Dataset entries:
══════════
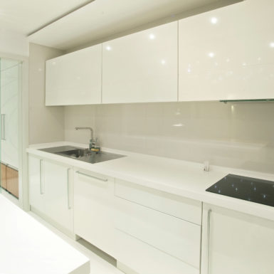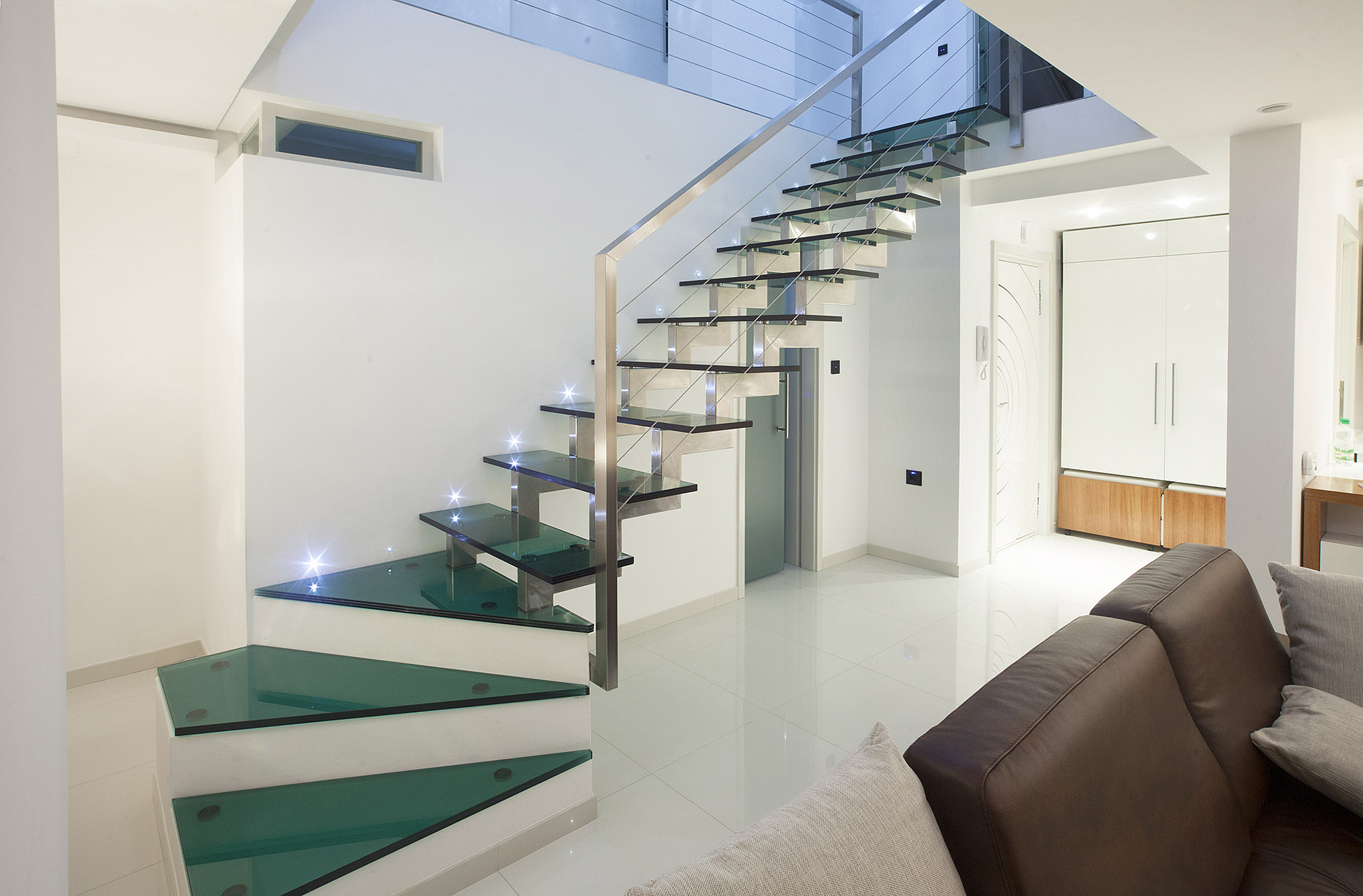 Podne površine obložene bijelom keramikom u prizemlju i parketom od egzotičnog drveta merbau u potkrovlju,uslovili su tip svih ostalih elemenata opreme, a sav pločasti namještaj je projektovan u bijeloj i dijelom ,,merbau”obradi. Od svilenih zavjesa preko komada čuvenih autora,pa sve do završne obrade-kolorita zidova i izbora melba na namještaju je usklađivano. Ove intervencije bile su neophodne kako bi se stvorila atmosfera nepomičnosti i bezvremenosti u kojoj čovjek može da pronađe mir.
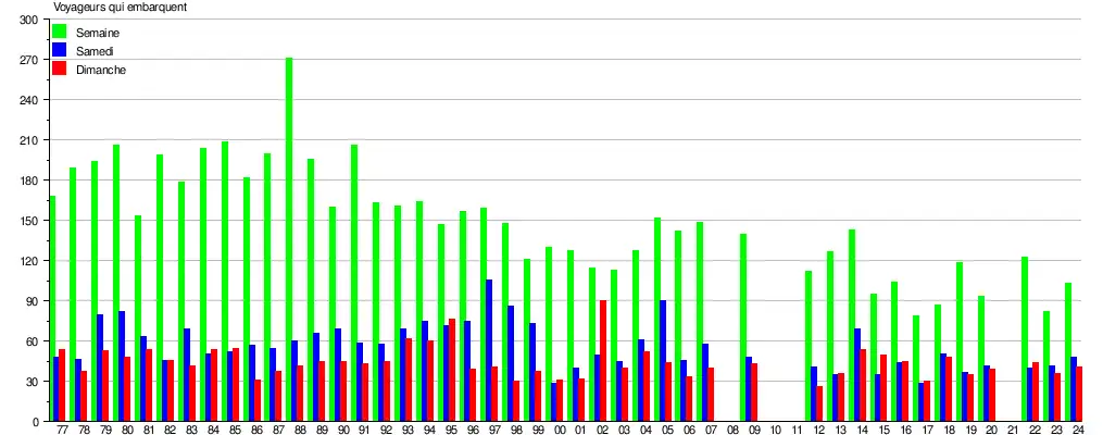 | Nombre de voyageurs qui embarquent à la gare de Jussenville | |||
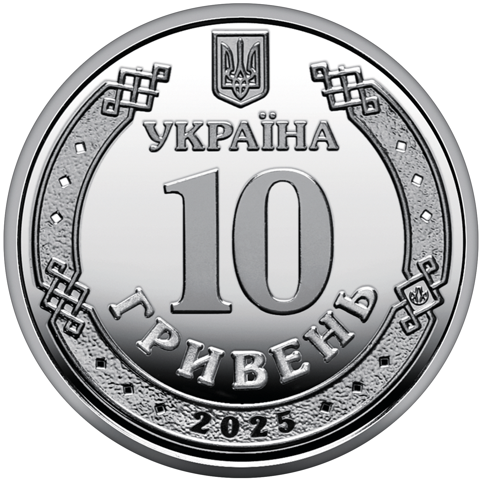 На аверсі монети зображено малий Державний Герб України (угорі); у центрі в обрамленні давньоруського орнаменту розміщено написи: УКРАЇНА / 10 / ГРИВЕНЬ (півколом); на тлі орнаменту зазначено рік карбування монети – 2025 (унизу) та логотип Банкнотно-монетного двору Національного банку України (праворуч).
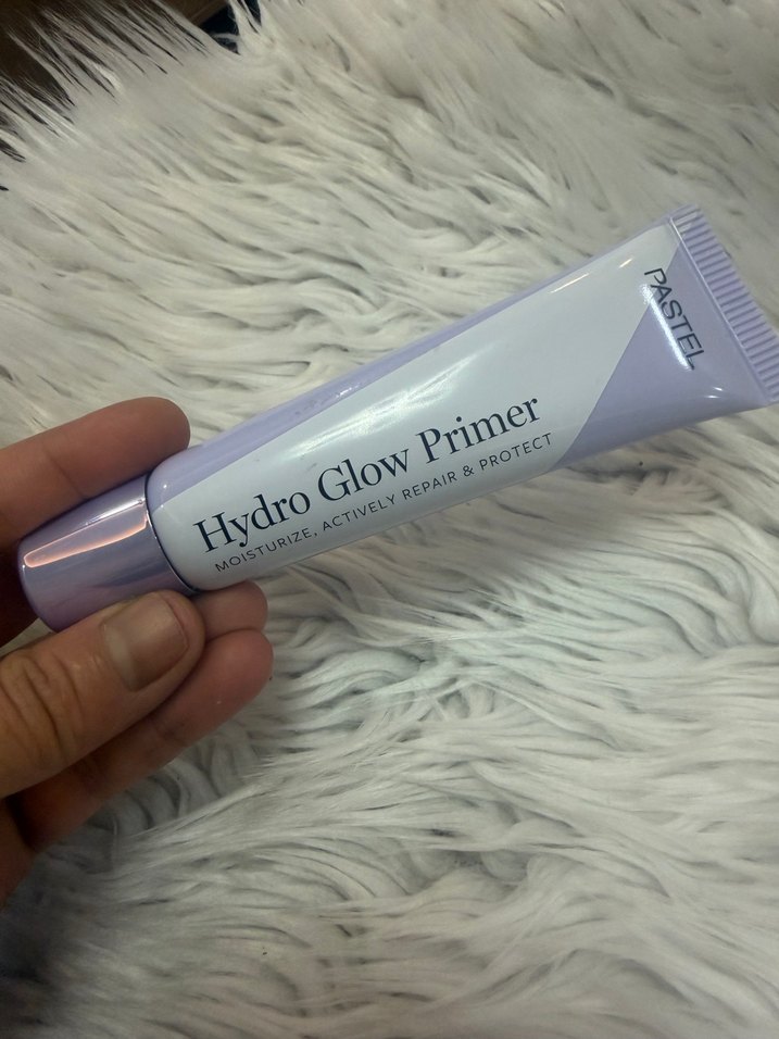 Pastel mor renkli Hydro Glow Baz Astar, cildi nemlendirir, onarır ve korur, yumuşak bir dokuya sahiptir.
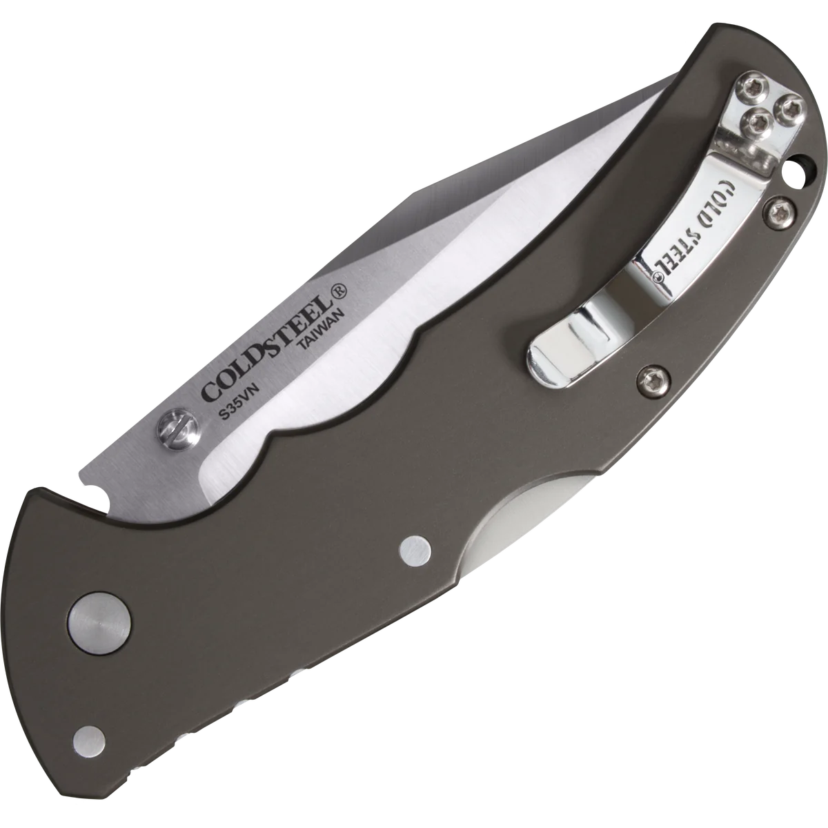 - Folding knife made from S35VN stainless steel with a satin finish in a clip point style. Black 6061 aluminum handle with a reversible pocket clip and a lanyard hole! Uses Cold Steel's Tri-Ad locking mechanism.
══════════
Return every record exactly, minus the pictures.

 Podne površine obložene bijelom keramikom u prizemlju i parketom od egzotičnog drveta merbau u potkrovlju,uslovili su tip svih ostalih elemenata opreme, a sav pločasti namještaj je projektovan u bijeloj i dijelom ,,merbau”obradi. Od svilenih zavjesa preko komada čuvenih autora,pa sve do završne obrade-kolorita zidova i izbora melba na namještaju je usklađivano. Ove intervencije bile su neophodne kako bi se stvorila atmosfera nepomičnosti i bezvremenosti u kojoj čovjek može da pronađe mir.
 | Nombre de voyageurs qui embarquent à la gare de Jussenville | |||
 На аверсі монети зображено малий Державний Герб України (угорі); у центрі в обрамленні давньоруського орнаменту розміщено написи: УКРАЇНА / 10 / ГРИВЕНЬ (півколом); на тлі орнаменту зазначено рік карбування монети – 2025 (унизу) та логотип Банкнотно-монетного двору Національного банку України (праворуч).
 Pastel mor renkli Hydro Glow Baz Astar, cildi nemlendirir, onarır ve korur, yumuşak bir dokuya sahiptir.
 - Folding knife made from S35VN stainless steel with a satin finish in a clip point style. Black 6061 aluminum handle with a reversible pocket clip and a lanyard hole! Uses Cold Steel's Tri-Ad locking mechanism.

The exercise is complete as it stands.